Грея встревожилась. Лицо жреца было непроницаемо, но, похоже, он уже отвел ей место в каких-то своих планах, пытаясь втянуть во внутренние интриги.

– Не обычного дракона, Великая. Как минимум – очень мудрого. Кто знает, может, это именно то, чего не хватает нашему народу… Но чего не хватает вам, уважаемая, это покоя и возможности спокойно дождаться своего Хранителя. В нашей стране разгорается гражданская война, и нам нужна ваша помощь.

Грея потянулась и зевнула как можно шире, выпустив клуб дыма сквозь ноздри. Даже в человеческом обличье это произвело впечатление. Ракх-инти побледнел и отступил на шаг.

– Революция? Это может оказаться забавным. Возможно, я и понаблюдаю за ней. Вы за или против?

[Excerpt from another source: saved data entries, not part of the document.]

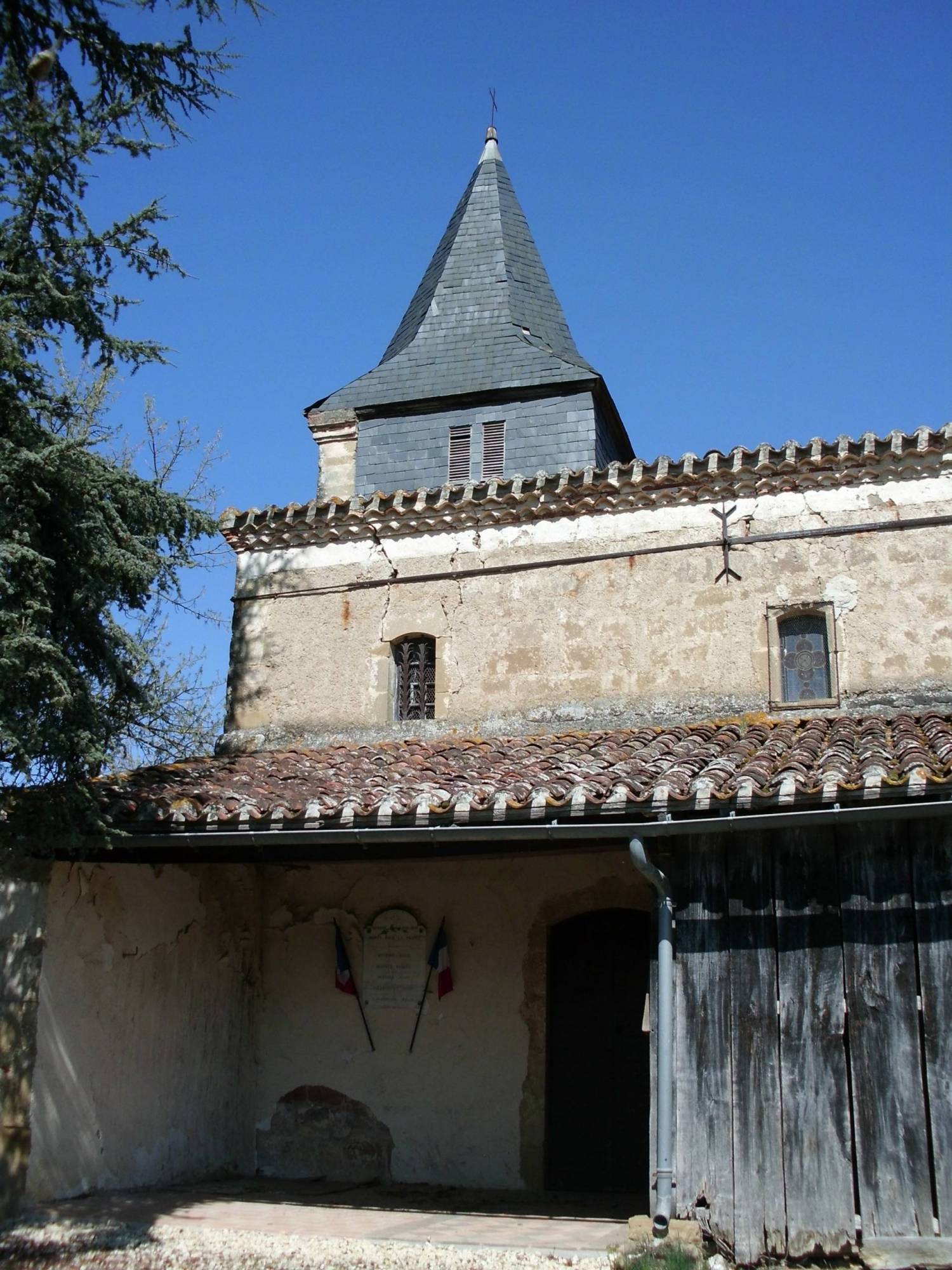 L’église est surmontée à l’ouest par un petit clocher à huit pans, couvert en ardoise. Le reste de l’édifice est couvert en tuile canal, assortie d’une corniche à trois rangs de génoises.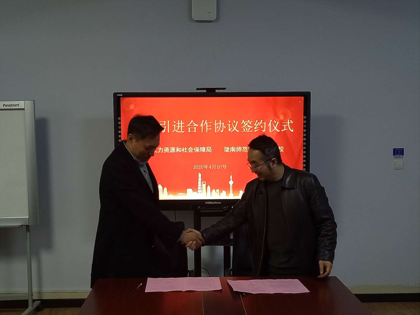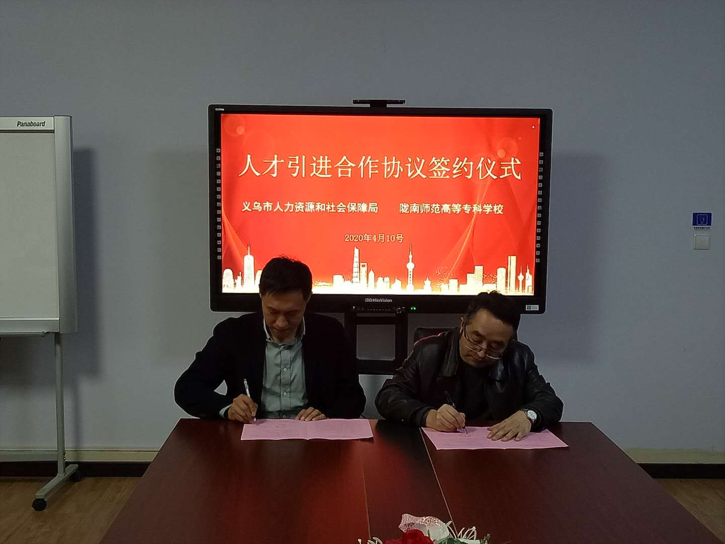 4月10日,学校与浙江省义乌市人力资源和社会保障局引才联络合作协议签约仪式在电子商务学院三楼会议室举行,学校招生就业处负责人汪鸿、电子商务学院负责人何炜,义乌市人力资源和社会保障局引才小组组长金宇生、义乌商城集团幸福湖国际会议中心人事经理陈晓虹等参加会议,双方相关工作人员参加了会议。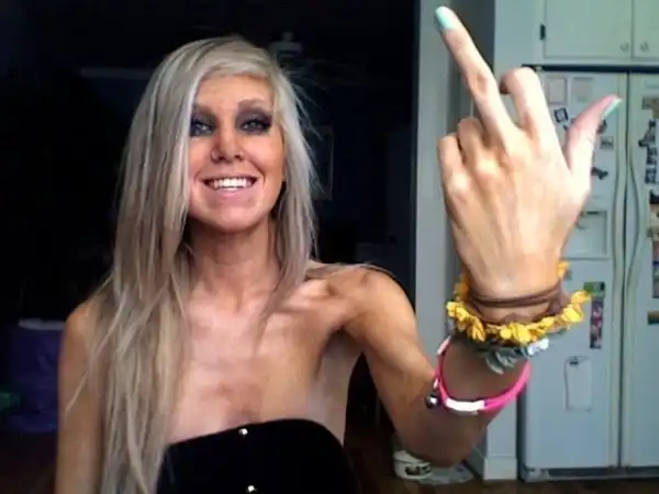 Мишель Алессандра была довольно симпатичной девушкой-подростком. До тех пор, пока не начала худеть. За короткий период времени она сбросила около 30 кг и сейчас выглядит как ходячий скелет. Но страшно не столько это, сколько тот факт, что у нее огромное количество поклонниц, считающих ее примером для подражания. От этой барышни (вернее от того, что от нее осталось) тащатся девочки-подростки и спрашивают, как она добилась веса в 35 кг при росте 174 см. А советов у Мишель не так много: не ешь, кури и пей вино.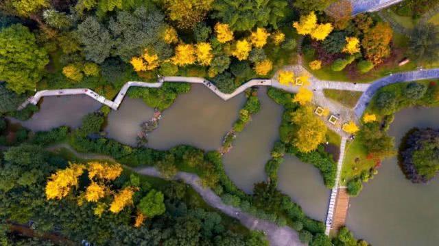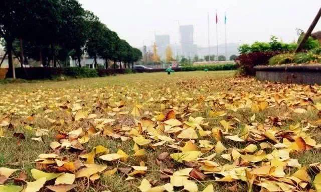 上百棵银杏树逐渐泛黄,叶子随风飘落,草地上铺着一层厚厚的银杏叶,实在是太美了。
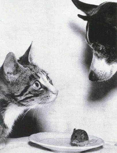 貓米Terry和狗Tomson正在決定誰(shuí)先下嘴。金花鼠Jim萬(wàn)萬(wàn)沒(méi)有想到,主人剛離開(kāi)家自己就要變成這兩個(gè)“朋友”的晚餐。它們?nèi)齻(gè)都是Mark家喂養(yǎng)的寵物。在主人面前,它們似乎是親密無(wú)間的伙伴。

Жрец глубоко поклонился, между тем в его до этого ровном голосе зазвучали вкрадчивые нотки:

– Если вы, Великая, хотите остаться в стороне – это ваше право, и никто не смеет его оспаривать. Но, похоже, Хранитель уже на подходе. И каковы его шансы выжить в стране, где все воюют друг с другом, у всех оружие, и для каждого человек – кровный враг?

Глаза Греи вспыхнули фиолетовым огнем. Тело затряслось, сразу увеличиваясь в размерах и обрастая чешуей; огромный хвост бил по скалам, превращая камни в песок и пыль; струя пламени опалила землю, заставив раконцев, предусмотрительно попрятавшихся по щелям, взвыть в голос – как и все рептилии, они были чувствительны к высокой температуре.

Лишь через час после того, как дракон успокоился и превратился в очаровательную девушку, Ракх-инти выполз из небольшой трещины в скале, весь в земле и пыли, и на коленях приблизился к Грее.

– Прости меня, Великая, можешь сорвать злобу на мне…

Та задумалась, заставив раконца стать на несколько оттенков светлее.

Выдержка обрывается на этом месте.